WHAT TO PRODUCE
Transcribe the entries below exactly, starting with the line that has "This effective template" and stopping after the line that has "These vintage boho"; no pictures belong in the copy.

[[ MATERIAL FOR THIS TASK, beginning ]]

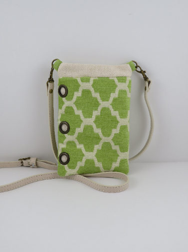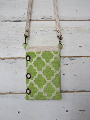 Each purse is one-of-a-kind, designed, and sewn one by one with lots of love. We use repurposed fabric swatches and remnants which would have normally been thrown into a landfill. We have four styles and two more on the way. Made in the USA.
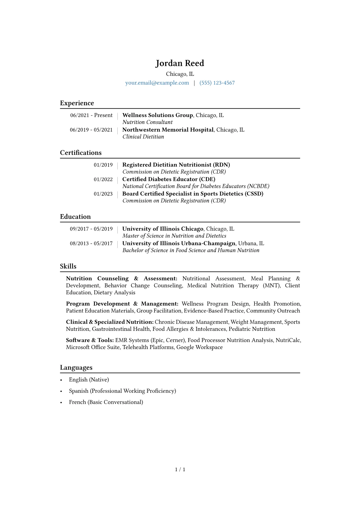 This effective template was built with JobSprout's intuitive platform and can be easily remixed to craft your own compelling Nutrition Consultant resume.
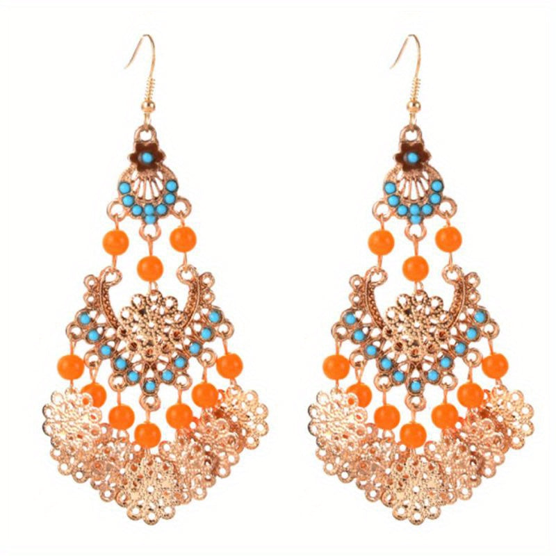 These vintage boho earrings are perfect for adding a touch of style to your outfit. Ideal for parties and holidays, they feature beads and tassel drops.
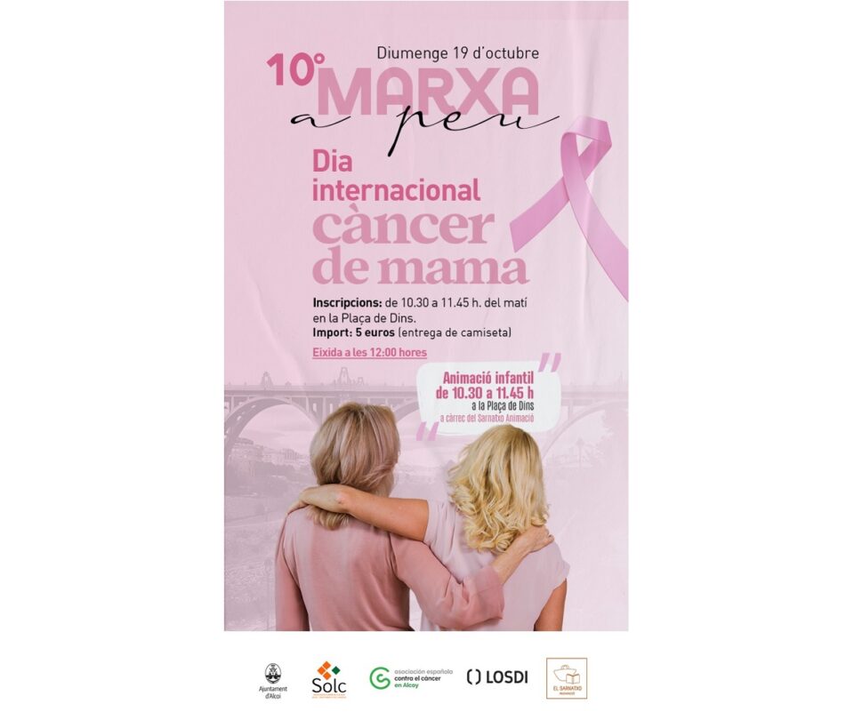 Alcoi acollirà aquest diumenge, 19 d’octubre, la desena edició de la Marxa a Peu contra el Càncer de Mama, una cita ja consolidada en el calendari local que combina solidaritat, conscienciació i suport a les persones afectades per aquesta malaltia.
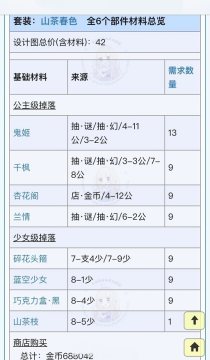 奇迹暖暖山茶春色套装获取攻略 山茶春色6个部件材料获得方法详解
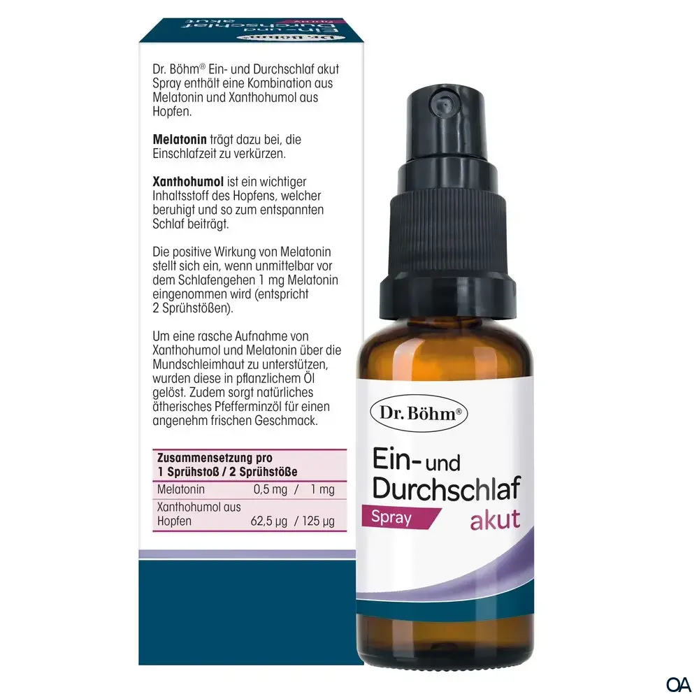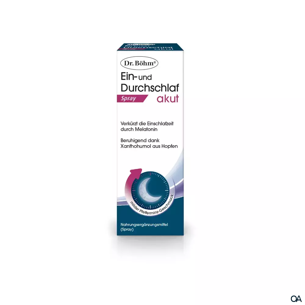 Dr. Böhm® Ein- und Durchschlaf akut Spray ist ein Nahrungsergänzungsmittel zur Verkürzung der Einschlafzeit durch Melatonin. Das enthaltene Xanthohumol aus Hopfen wirkt beruhigend.
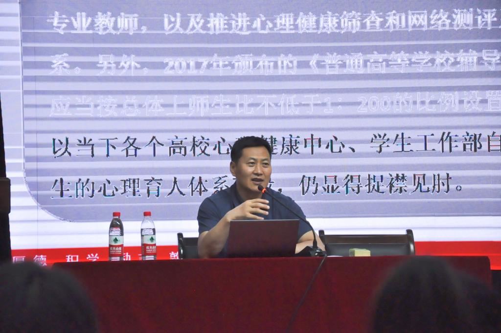 下午,陜西師范大學(xué)學(xué)生就業(yè)指導(dǎo)服務(wù)中心副主任姚崇教授作了題為《唯有以心育人方能立德樹人》的專題培訓(xùn)。姚崇從心理育人與思政育人的內(nèi)在契合出發(fā),探討通過增強(qiáng)“三大融合”、強(qiáng)化“四大保障”等方式,多措并舉打開高校心理健康教育工作新思路。
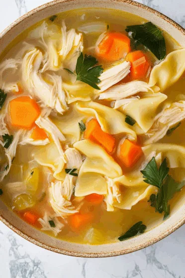 An hour later, the house smelled like my grandma’s kitchen, and the first spoonful? Magic. The broth was deep and rich, the egg noodles soaked up all that goodness, and suddenly, my chaotic day didn’t seem so bad.

[[ MATERIAL FOR THIS TASK, end ]]

ANSWER
 This effective template was built with JobSprout's intuitive platform and can be easily remixed to craft your own compelling Nutrition Consultant resume.
 These vintage boho earrings are perfect for adding a touch of style to your outfit. Ideal for parties and holidays, they feature beads and tassel drops.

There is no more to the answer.